Plus de 10 000 personnes ont défilé contre la réforme des retraites à Châteauroux mardi 31 janvier. Une mobilisation rarement observée dans la cité berrichonne où les revendications sont les mêmes que partout en France.

Particularité locale, les tracteurs sont également mobilisés.

Un vrombissement sourd sort de la carrosserie bleue émaillée d’un petit tracteur sur la place de la République; une banderole « Macron détruit la France » affichée fièrement sur le capot. Les engins agricoles se tiennent prêts à fermer la marche, déjà historique, à Châteauroux mardi 31 janvier.

Au moment du départ en milieu de matinée devant la mairie, c’est un cortège de plus de 10 000 personnes qui s’est élancé pour défiler dans les rues du centre-ville. De mémoire d’indrien « On n’avait pas vu ça depuis 1995, c’est magnifique de voir que la contestation gagne toute la France », s’extasie Jean-Baptiste, professeur des écoles et adhérent à la CGT. A l’époque, c’était contre le plan Juppé, déjà sur une réforme des retraites, que la mobilisation avait atteint des records. 

L’attente des chiffres officiels de cette deuxième journée de mobilisation nationale était dans toutes les conversations. Sur le pont de l’avenue Charles de Gaulle, Sébastien compte lui-même les manifestants sur son téléphone. « Appelle Ludo, les RG [Renseignements Généraux| disent 10 000, mais on est au moins 15 000. J’ai le pouce en feu ! », fanfaronne t-il auprès d’un ami dans la foule. Une heure plus tard, les chiffres officiels annoncent 10 500 manifestants selon la police et 15 000 selon les syndicats. 

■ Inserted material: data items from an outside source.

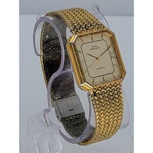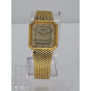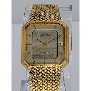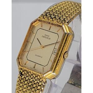 This classic Swiss Emperor quartz watch exudes vintage charm with its sleek, rectangular gold-tone case and matching gold mesh bracelet. The minimalistic dial features elegant stick markers and a date window at 3 o'clock, perfectly combining style and functionality. Its reliable quartz movement ensures accurate timekeeping, while the sophisticated design makes it a standout accessory for any collection. The watch is in excellent working condition, showing only minor signs of wear, which add character to its timeless look. Perfect for vintage watch enthusiasts or those looking to add a touch of sophistication to their wardrobe.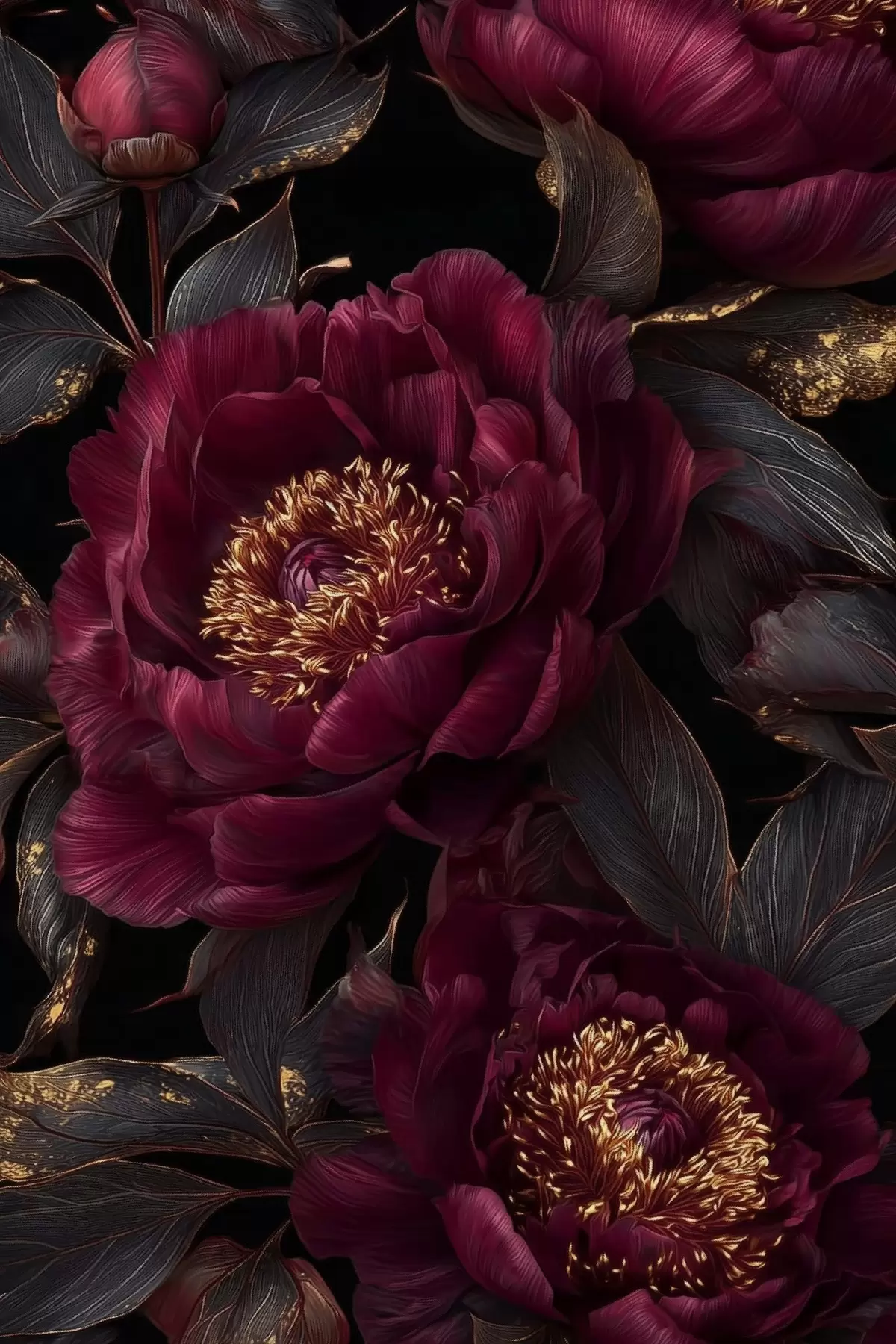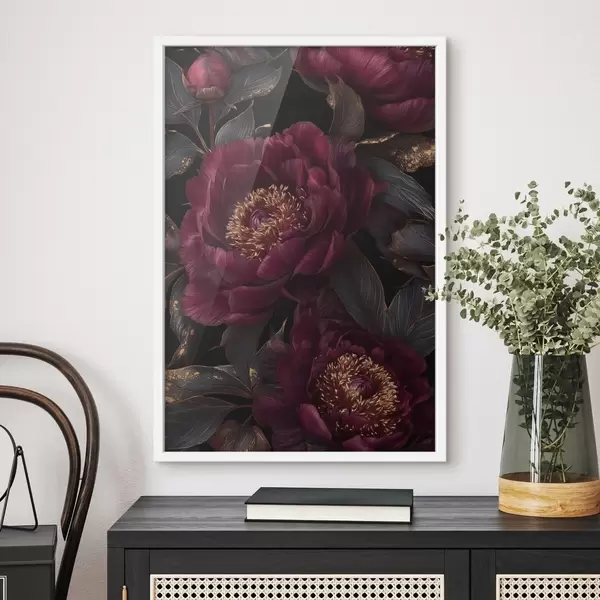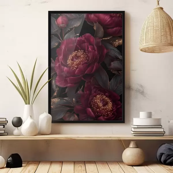 Affiche Pivoines bordeaux sur fond noir avec des touches de jaune f45877
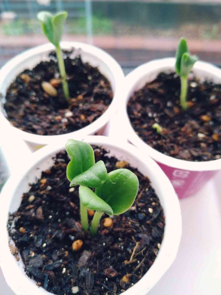 昨年夏に食べた「山形産 鶴姫 レッドメロン」から採取した種を窓辺でヨーグルトカップに2粒ずつまきました🍈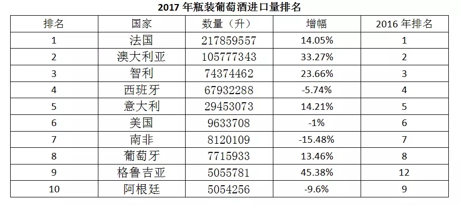 格魯吉亞成為2017年進(jìn)口瓶裝葡萄酒的一匹“黑馬”,從2016年的第12位躍居第9,它的進(jìn)口量增幅是前十大進(jìn)口量國(guó)家里最高的,達(dá)45.38%,2017年下半年,中國(guó)與格魯吉亞自貿(mào)協(xié)定生效,格魯吉亞葡萄酒實(shí)現(xiàn)了零關(guān)稅進(jìn)入中國(guó)市場(chǎng),由此可見(jiàn),關(guān)稅對(duì)于葡萄酒產(chǎn)國(guó)出口量的影響至關(guān)重要。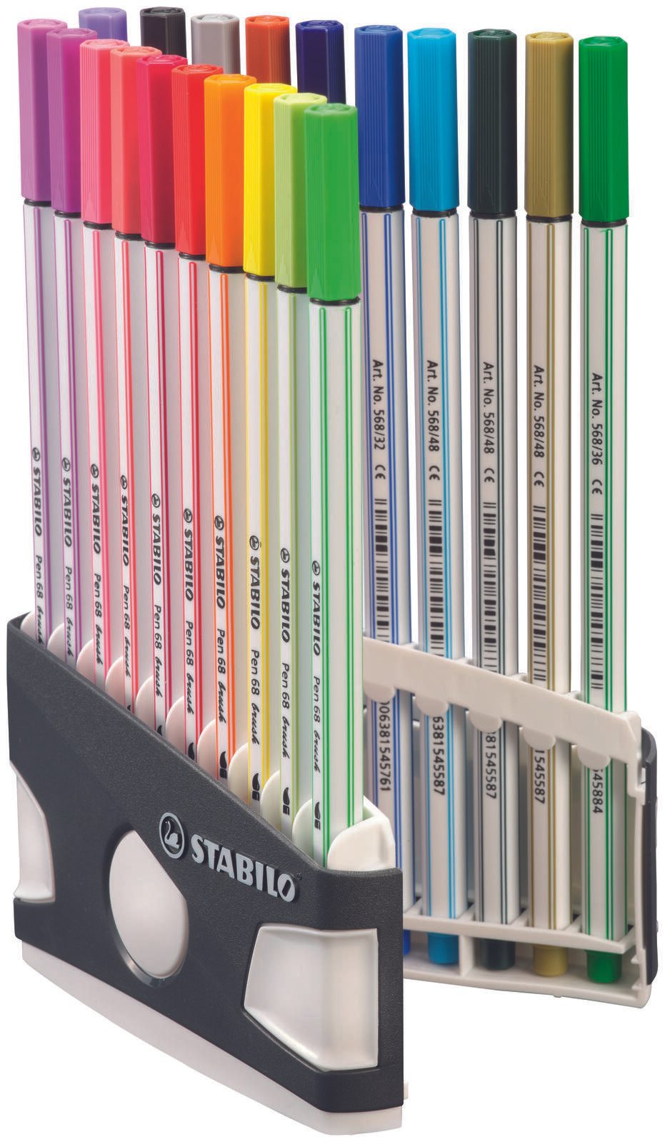 Die STABILO Filzstifte Mehrfarbig sind die perfekte Wahl für kreative Köpfe, die Wert auf Qualität und Vielseitigkeit legen. Mit einer formstabilen, elastischen Pinselspitze ermöglichen sie präzise Linien und sanfte Farbverläufe, die deiner Kreativität freien Lauf lassen. Die Stifte sind in einem praktischen Karton-Etui verpackt, das nicht nur ansprechend aussieht, sondern auch für Ordnung sorgt. Mit 20 verschiedenen Farben bietet dieses Set eine beeindruckende Farbpalette, die sich ideal für Zeichnungen, Malereien oder auch für das Ausmalen von Mandalas eignet. Die wischfesten Farben garantieren, dass deine Kunstwerke lange strahlend und lebendig bleiben. Dank der Schutzklappe sind die Stifte optimal geschützt, sodass du sie überallhin mitnehmen kannst, ohne Angst haben zu müssen, dass sie austrocknen. Die Sechskant-Griffart sorgt für einen angenehmen Halt und ermöglicht dir stundenlangen Malspaß ohne Ermüdung. Obwohl keine spezifische Strichstärke angegeben ist, kannst du die Stifte dank ihrer flexiblen Pinselspitze vielseitig einsetzen, egal ob für feine Details oder breite Farbflächen. Die STABILO Filzstifte sind nicht nur für Kinder geeignet, sondern auch für Erwachsene, die ihre kreative Seite entdecken möchten. Lass deiner Fantasie freien Lauf und erlebe, wie diese hochwertigen Filzstifte deine Kunstwerke zum Leben erwecken. Mit den STABILO Filzstiften Mehrfarbig wird jede Zeichnung zu einem einzigartigen Erlebnis.Technische Daten

Au fond, peu importe le nombre exact pour Sébastien, l’événement est déjà une réussite. « J’ai l’impression de faire partie de quelque chose de grand. Les gens étaient endormis et se laissaient assommer par les 49.3 à répétition. Là, on sent qu’ils se sont réveillés grâce à la manifestation de la semaine dernière », s’enorgueillit l’intérimaire trentenaire qui a appelé toutes ses connaissances à venir grossir les rangs. Le 19 janvier, ils étaient déjà 8 000 dans le centre-ville castelroussin. 

Les mêmes motivations qu’à Paris

Hormis quelques pétards en début de cortège, le défilé s’est tenu dans une ambiance familiale et bon enfant. « C’est l’occasion de passer le flambeau aux jeunes générations », s’amuse Monique, une habituée venue avec son petit-fils Maxime, 11 ans, pour sa première manifestation. Il avoue ne pas vraiment comprendre pourquoi tout le monde est rassemblé mais au moins il n’y a pas école. Entre le monde, la musique, les sifflets, les drapeaux et les pancartes garnies de caricatures et de jeux de mots qu’il ne saisit pas de son propre aveu, Maxime ne sait plus où donner de la tête. 

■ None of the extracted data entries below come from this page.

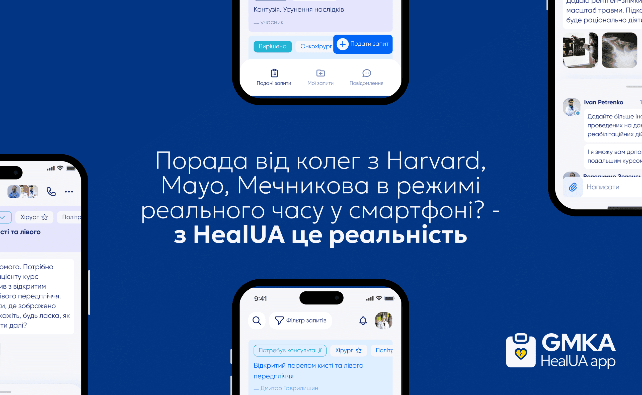 HealUA — перший безкоштовний мобільний застосунок, за допомогою якого українські лікарі можуть отримати консультацію від колег іншої спеціальності щодо діагностики та лікування пацієнтів.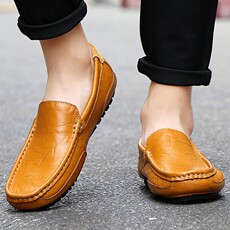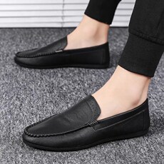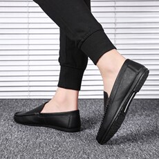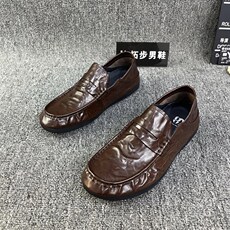2025欧洲站驾车豆豆鞋春款休闲商务懒人软底荔枝纹真皮乐福鞋男士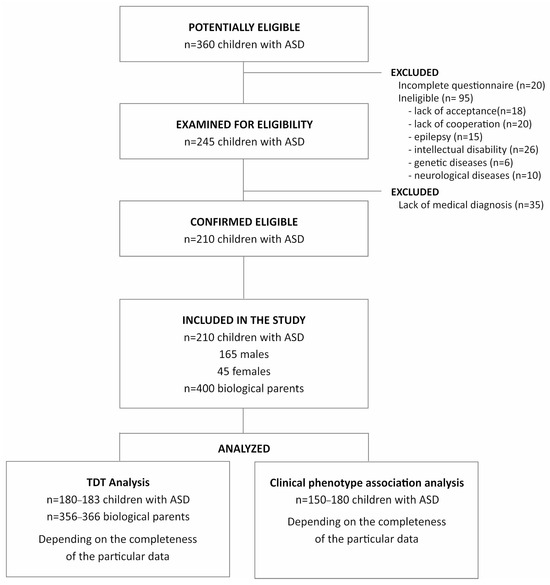 The study group comprised 210 children with idiopathic ASD and their biological parents. Patients enrolled included 165 males (78.64%) and 45 (21.36%) females (mean age 7.26 ± 2.72). All participants were Caucasians and inhabitants of Upper Silesia (southwestern region of Poland). Subjects were recruited between 2016 and 2019 at the Department of Pediatric Neurology (John Paul II Upper Silesian Child Health Centre, Katowice, Poland), the Child Development Support Center, and the Psychiatric Daily Ward for Children and Adolescents in Gliwice. The diagnosis was made by a psychiatrist specializing in autism spectrum disorders. The ADOS-2 (Autism Diagnosis Observation Schedule) protocol was used to confirm the diagnosis of ASD [13]. In addition to the diagnosis of autism, the inclusion criterion was age ranging from 3 to 12 years. Exclusion criteria were as follows: epilepsy, intellectual disability, and other genetic and neurological diseases. A flow chart of patient selection is presented in Figure 2.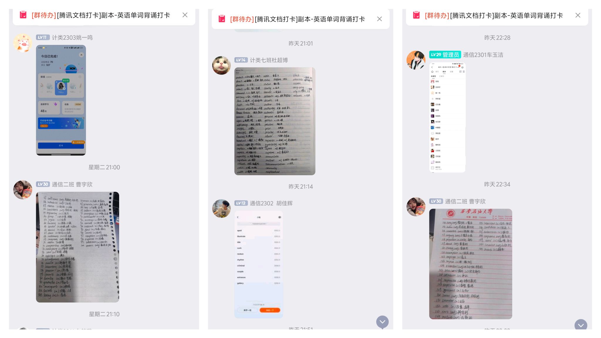 英語四級考試,單詞是基本功。為了夯實(shí)備考學(xué)生的單詞基本功,學(xué)院分年級組織學(xué)生開展“每日英語單詞背誦打卡”活動,將學(xué)生喜聞樂見的“打卡”方式與每日英語學(xué)習(xí)有效結(jié)合,變“單兵作戰(zhàn)”為“集體同頻”,有效增強(qiáng)了學(xué)生堅(jiān)持的能動性和學(xué)習(xí)的主動性。

Dans les mains il tient lui aussi une pancarte maison avec écrit : « Papi s’est battu toute sa vie, je prends la relève ». Un hommage à son grand-père, professeur de mathématiques à la retraite, mort il y a trois ans, et qui était de toutes les manifestations, explique-t-il devant sa grand-mère visiblement très émue. « C’est important d’éduquer les jeunes, on vit dans un pays où on a le droit de protester quand on n’est pas content, il faut en profiter », se reprend-t-elle.

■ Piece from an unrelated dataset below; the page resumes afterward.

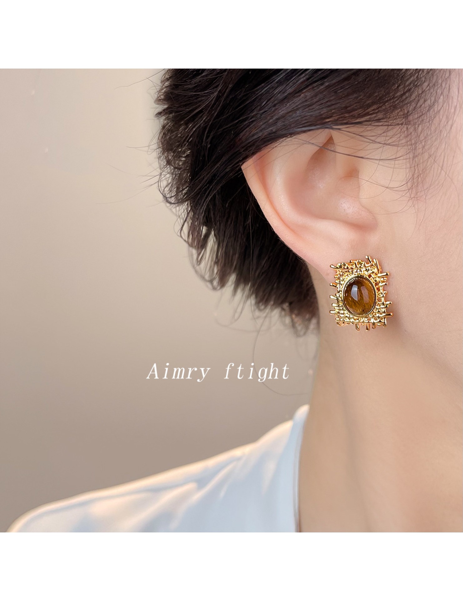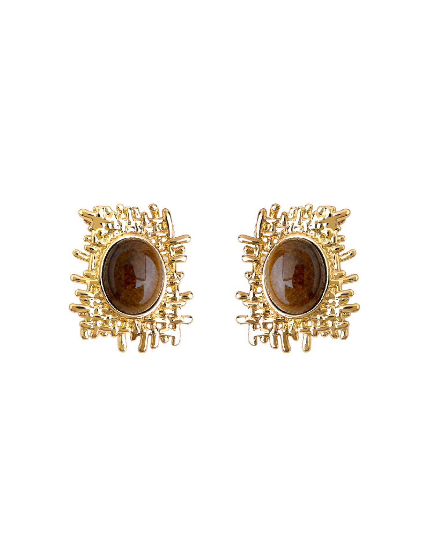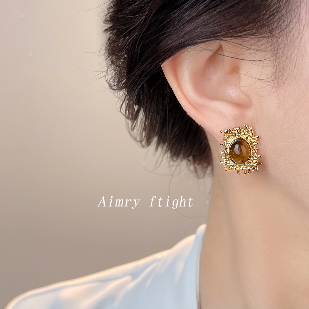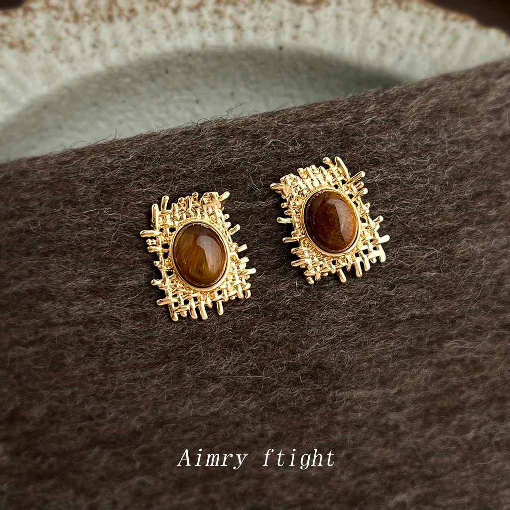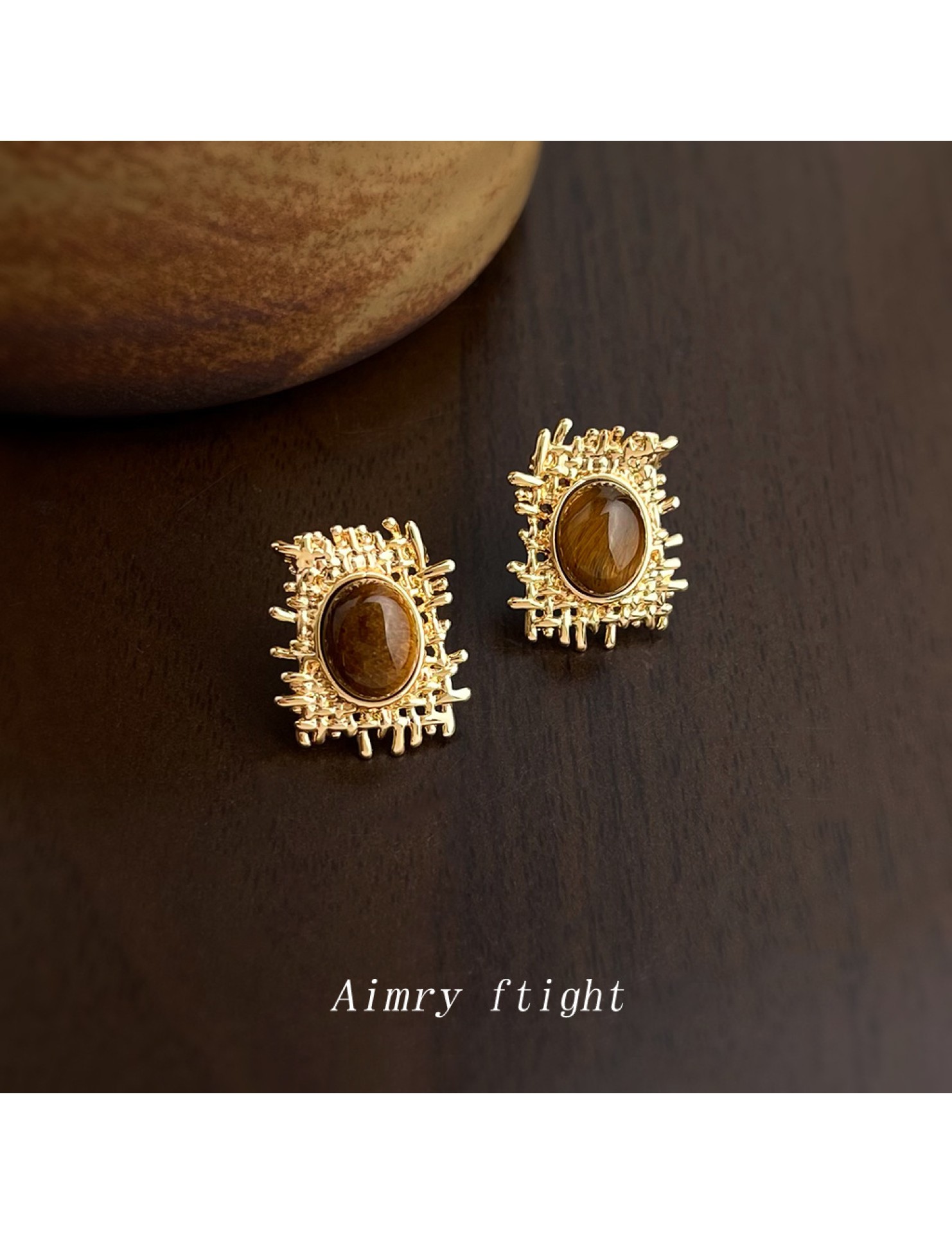 HELN124100326 美拉德風虎眼石天然石設計師款不規則網狀秋冬新款耳環女

  Le projet de réforme des retraites est jugé injuste par beaucoup de manifestants

« On se fout de notre gueule depuis trop longtemps, y en a marre », vocifère Roger sur le boulevard de Cluis. « On est en Borne out », ricane-t-il en montrant sa pancarte. Ce buraliste a fait 50 kilomètres pour venir manifester son mécontentement à Châteauroux. « C’est important de montrer qu’il n’y a pas qu’à Paris que les gens protestent. C’est dans les petites villes comme ici qu’on se rend compte que tout le monde est concerné et contre une réforme injuste et injustifiée », insiste-t-il.

Le nombre de manifestants en province a d’ailleurs marqué les esprits mardi. Il n’est pas commun de voir plus de 10 000 personnes défiler dans une ville de 43 000 habitants comme Châteauroux. A Tours, ils étaient 15 000, à Clermont-Ferrand, 17 000 et à Guéret, 4 300 alors que le chef-lieu de la Creuse ne compte que 13 000 habitants. Au total, ce sont 2,8 millions de personnes qui se sont mobilisés en France selon la CGT et 1,272 million d’après le ministère de l’Intérieur. Deux autres mouvements de grève sont prévus les 7 et 11 février. Beaucoup attendent avec impatience de voir combien feront le déplacement pour l’occasion.

Il n’y avait pas eu autant de manifestants à Châteauroux depuis 1995.